Yellow Springs News - Letter to the Editor: Ban empowers community
,October 11th, 2012
Time to celebrate! On Oct. 1, after four previous readings, the Village Council, in their final vote, passed the community bill of rights ordinance banning corporations from fracking or the placement of injection wells with frack waste in the village. The ordinance was drafted by the Community Environmental [Legal] Defense Fund, or CELDF, a group which has helped communities all over the country to assert rights to local self-governance, challenging corporations’ rights to threaten a community’s health, welfare and environment. CELDF lent their assistance at the invitation of Gas and Oil Drilling Awareness and education, or GODAE, a group of Yellow Springs citizens concerned about the dangers of fracking and injection wells.
It took a conversation of many weeks to complete the final vote, but in the end it included a good collaboration with many conversations between Council and GODAE members, members of CELDF, Village solicitors, the Village manager, and CELDF’s attorney. The vote makes Yellow Springs the first municipality in the state to enact a local bill of rights and protect those rights by banning gas drilling, fracking, and placement of injection wells. It asserts the fundamental rights of residents to clean air and water and to protect the rights of nature. State law currently permits fracking and related activities, allowing corporations to site drilling and injection wells over the wishes of the community. This ordinance recognizes the rights of community members as superior to the regulatory laws of Ohio and finds the issuance of drilling permits in violation of community rights.

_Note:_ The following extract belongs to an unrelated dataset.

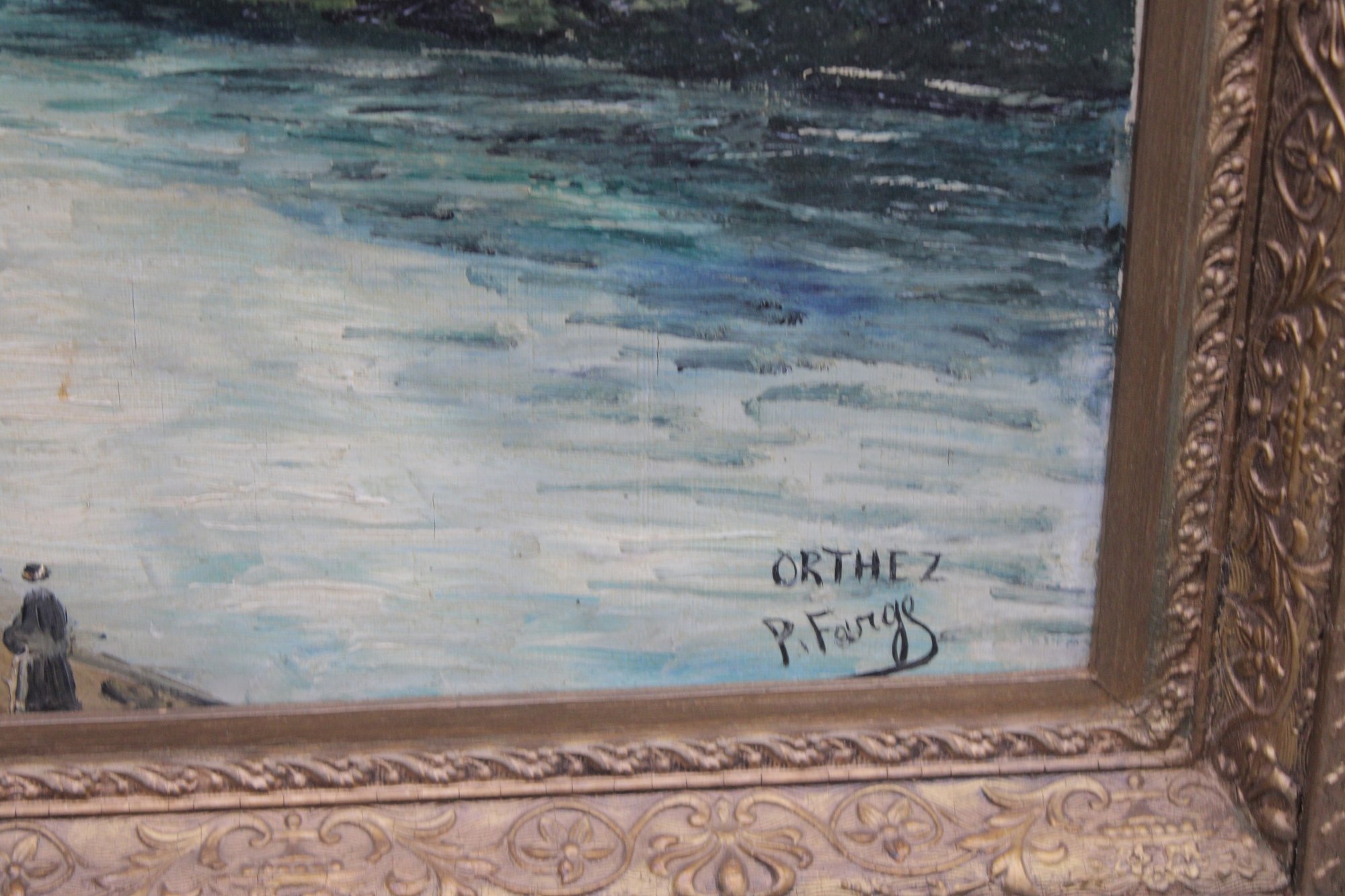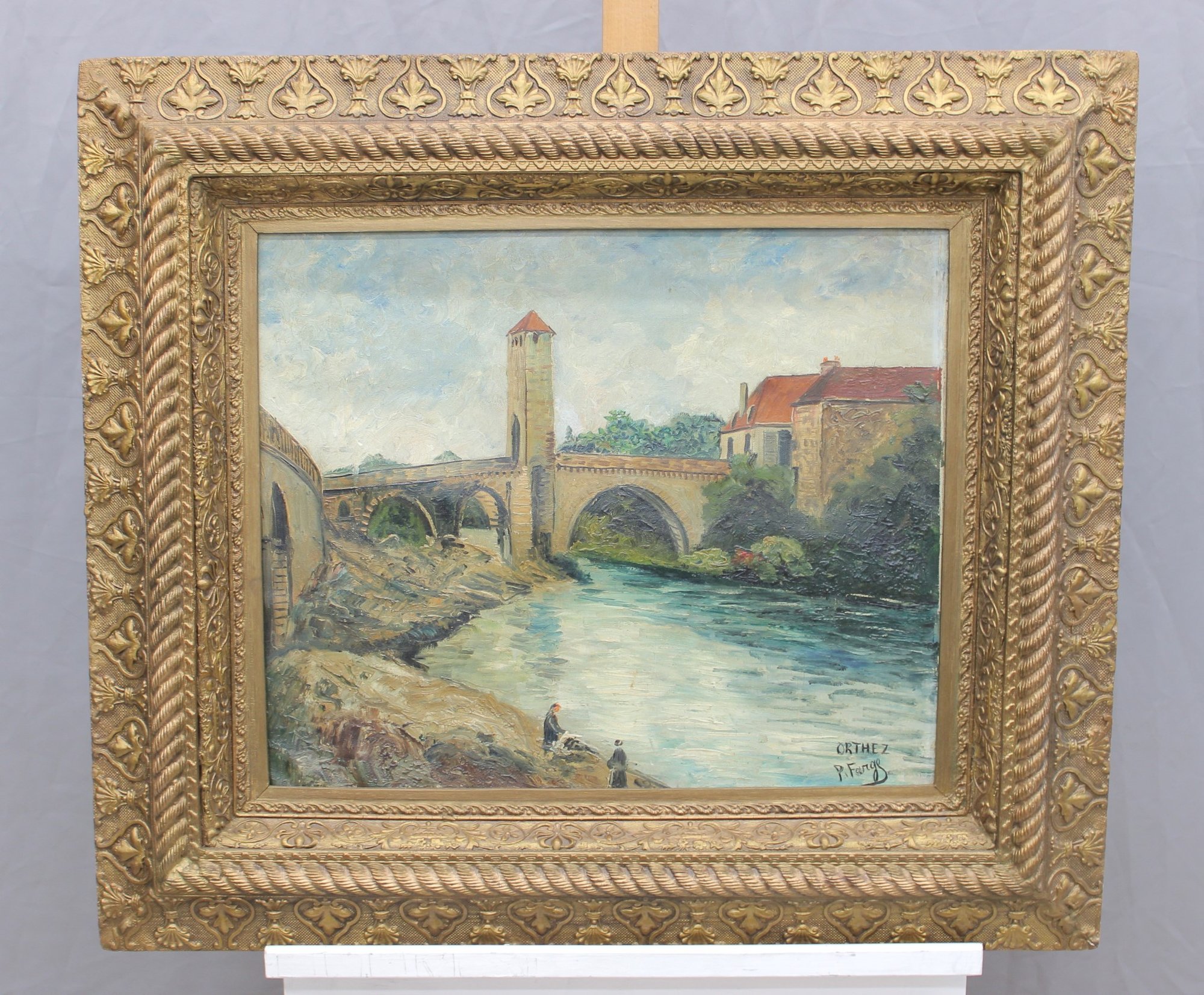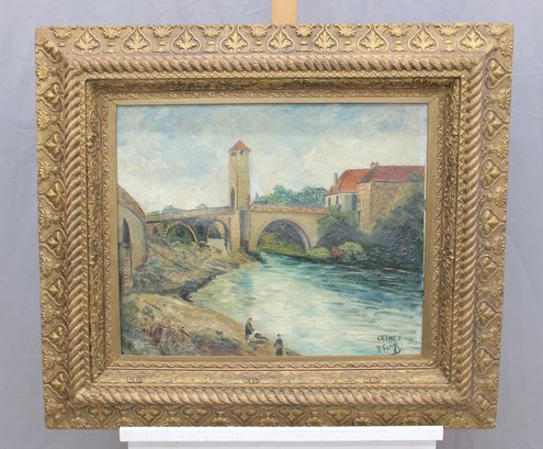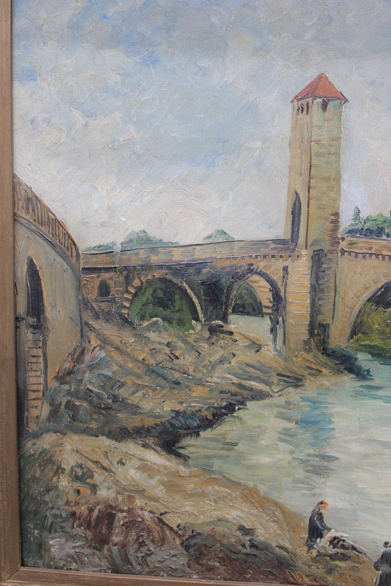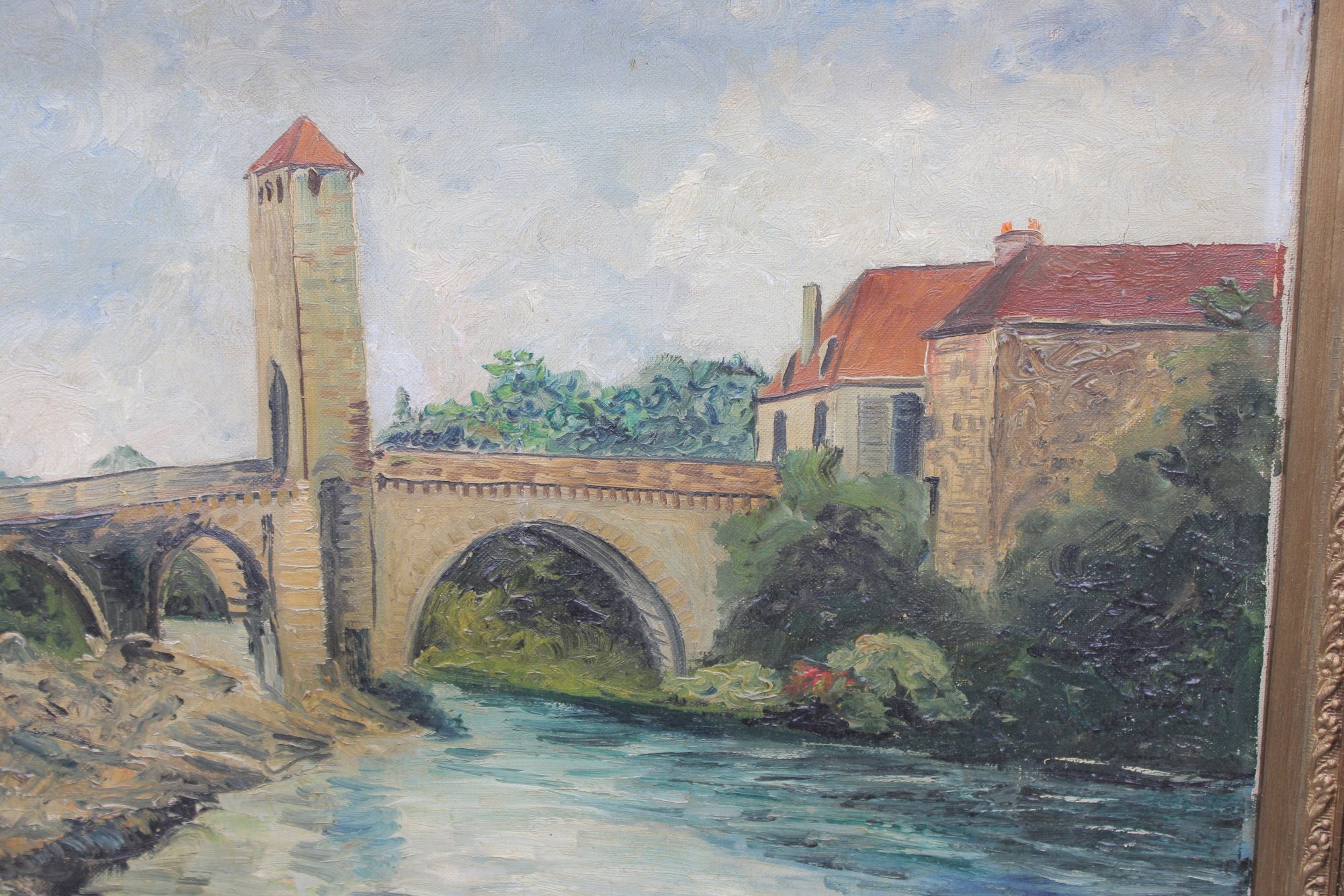 This signed oil on canvas painting depicts a picturesque view of Orthez, France, centered on the town’s historic bridge spanning a gently flowing river. The composition is animated by soft light, expressive brushwork, and carefully observed architectural details, with figures along the riverbank adding scale and narrative charm.

I hope that this law will not only protect Yellow Springs, but give courage to neighboring cities and towns, letting them see we are not helpless in the face of the power and money of corporations who threaten our basic survival needs, e.g. clean air, water, human and environmental health and welfare. We have a long way to go, considering the widespread belief that fracking is the solution to our energy problems, but there are things we can learn from this model ordinance about the dangers we face from fracking which are persistently hidden by oil companies, and about our fundamental rights as citizens to exercise our democratic rights.